42 replies to this topic

[CaveRat2]

Andy is correct about quiet recordings and the H2.

I only specified the H2 because it is the cheapest digital to meet minimum specs. (That seems to be what most want on here.) The Sony is a better recorder, although at a higher price. Personally I still use a TASCAM cassette system over digital. (4 discrete channels) And for digital I have a Fostex FR2 (list $1199 when I bought it.) And like the comparison between the Sony and the H2, I do hear a noticable improvement between the Fostex and the H2. Of course that is to be expected. But still if price is a major issue, the H2 is satisfactory, just not great.

[Yalbi]

I have found that most of the time all that is required is a pretty basic voice recorder (as long as you are able to connect it via usb to your computer) and it will do just fine. The voices still respond directly to questions and are sometimes clearer on a cheap device. In fact try reducing the recording qualty on an expensive machine to a lower bit rate and see. It works for me. They seem to like the noise wether it be analogue or digital.

[ourobouros2k2]

IMHO the noise takes away from the data integrity. I guess it is a matter of personal choice. Belief happens on so many levels, and ultimately it comes down to what constitutes personal proof and it varies with every individual.

Personally I believe that if you do not make every possible effort to record the cleanest signal possible at the highest sample rates, then regardless of what you catch it won't hold up to scrutiny.

I know that the LPCM format at high sample rates and a/d conversion is capable of recording legitmate evp. In side by side comparisons, though, what sounds like a telephone conversation with lucifer on a cheap RCA recorder is usually something a lot more benign when comparative audio is reviewed from a linear pcm recorder at higher sample rates. I personally use 48khz at 24bit, as my ears cannot really hear much of a difference between that and 96khz. For grins and giggles, I tried to locate sample rates and frequency response of cheaper RCA units, but I cannot find those specs anywhere.

Andy

[CaveRat2]

There are proven scientific reasons why low sample rates yield more "EVPs". However these proven reasons apply to false EVPs. If one considers the Nyquist point and sample rates it becomes evident that additional artifacts are generated in the voice frequencies when sampling drops near or below the Nyquist point.

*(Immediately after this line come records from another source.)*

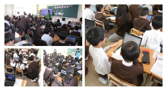 6年生がタブレットの使い方を教えに、1年生の教室に出張しました。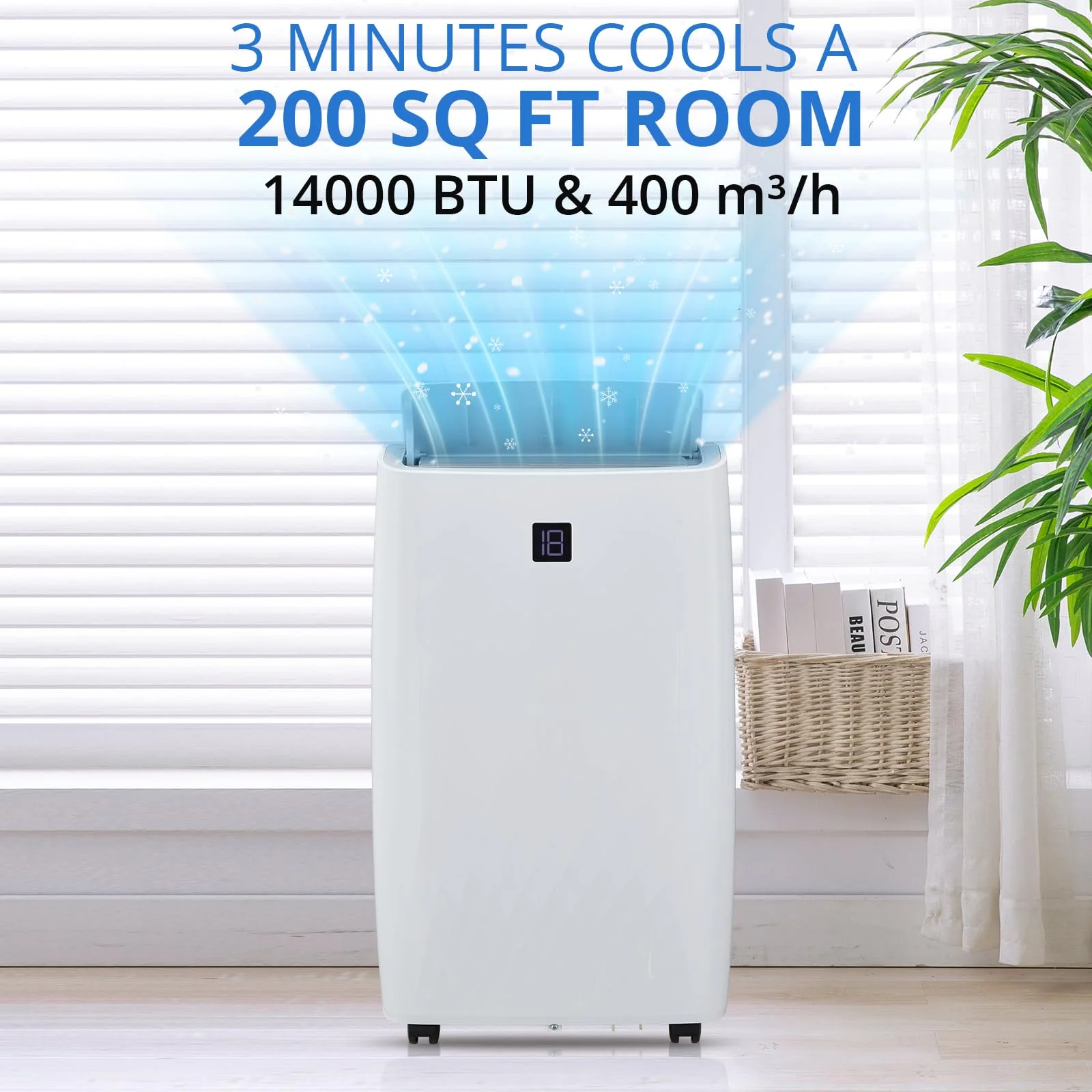 - Rapid Cooling Performance: This portable air conditioner delivers quick cooling in just 3 seconds, with a powerful 14,000 BTU cooling capacity. It's perfect for cooling large rooms up to 750 sq. ft, ensuring a comfortable atmosphere even during the hottest summer days.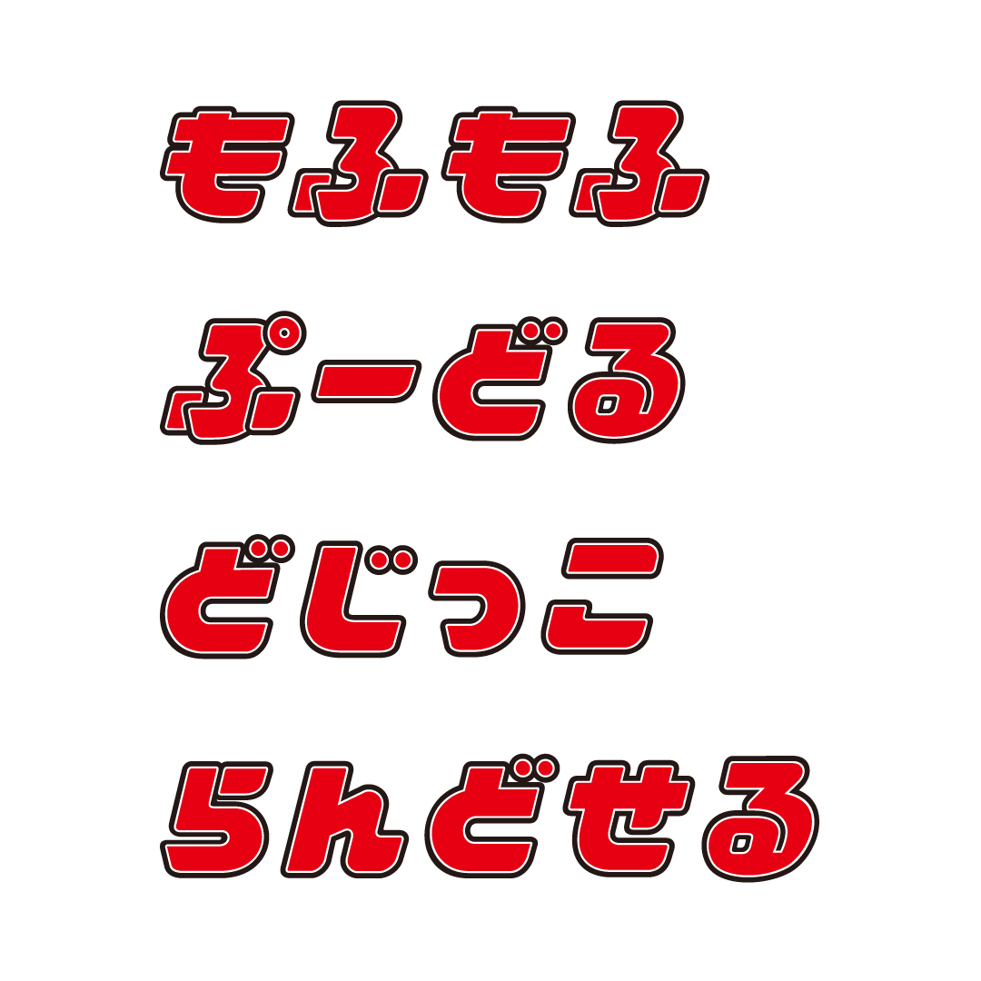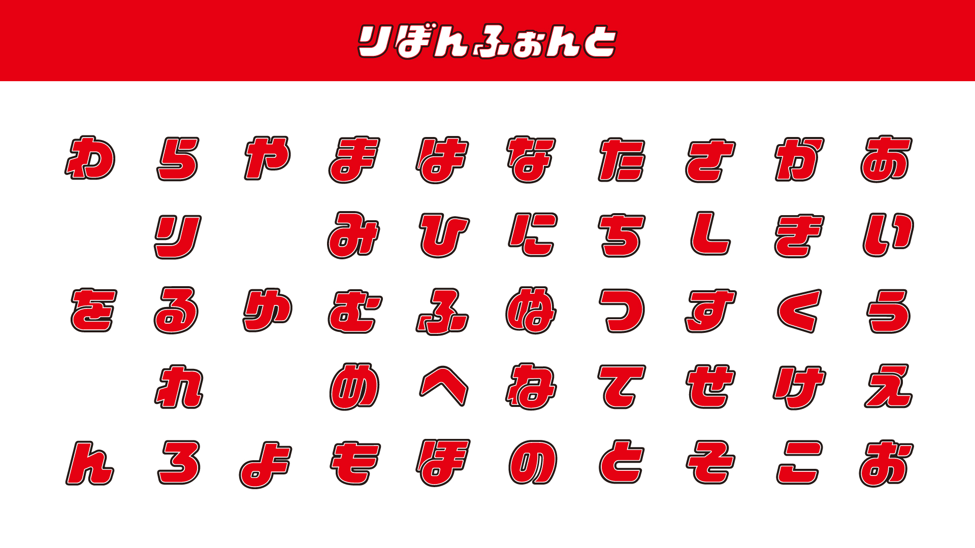 フォントワークスは、「り」「ぼ」「ん」の文字から、五十音のひらがなを作り出す取り組みに参画しました。まず、ロゴをもとに、文字のルールを構築。そして、濁音・半濁音も含めた書体へと展開し、95文字の書体を制作いたしました。

Aliasing and intermodulation distortion rise because the audio being recorded approaches the sample rate resulting in the sum and difference between them being in the audio spectrum.

Consider if a sample rate of 96 KBPS is used, and the frequency (third harmonic of the highest fricatives, S and T sounds, is used for reference.) would have to respond to about 3 kkHz x 3. The audio range needed would be up to 9 kHz. So we have etablished the high frequency limit of the recorder.

Now hetrodyning effects and intermodulation is taken into account. If we use the 9 kHz as a base, and a sample rate of 16 KBPS, there will be artifacts generated at the sum and difference points. Thus artifacts will occur at 7 kHz and 25 kHz. The 25 kHz is not a problem, but clearly the 7 kHz falls well within the passband of the recorder.

It gets even worse when we consider what noise does. Noise is actually many frequencies at one time. Thus noise will create artifacts in this manner over a wide range of frequencies since the dfference varies at any given instant based on what is present in the noise. These artifacts, when they vary in frequency can imitate voice at times. Add a little audio paridolia and you have a false EVP.

Now consider a higher sample rate of 96KBPS. You still have the sum and difference factors as before. But now the sum and difference become 87 kHz and 104 kHz. Both of these are well beyond the range of hearing and will not be a problem.

Thus the reasoning behind using a high sample rate. And an explanation for those who say they get more EVPs on their cheap little recorders at a low sample rate. And a solid reason why debunkers can discount most EVPs made on cheap recorders.

[ourobouros2k2]

Jim, you are very knowledgeable on these matters, I wonder if I could pose a simple question that has never been properly explained to me.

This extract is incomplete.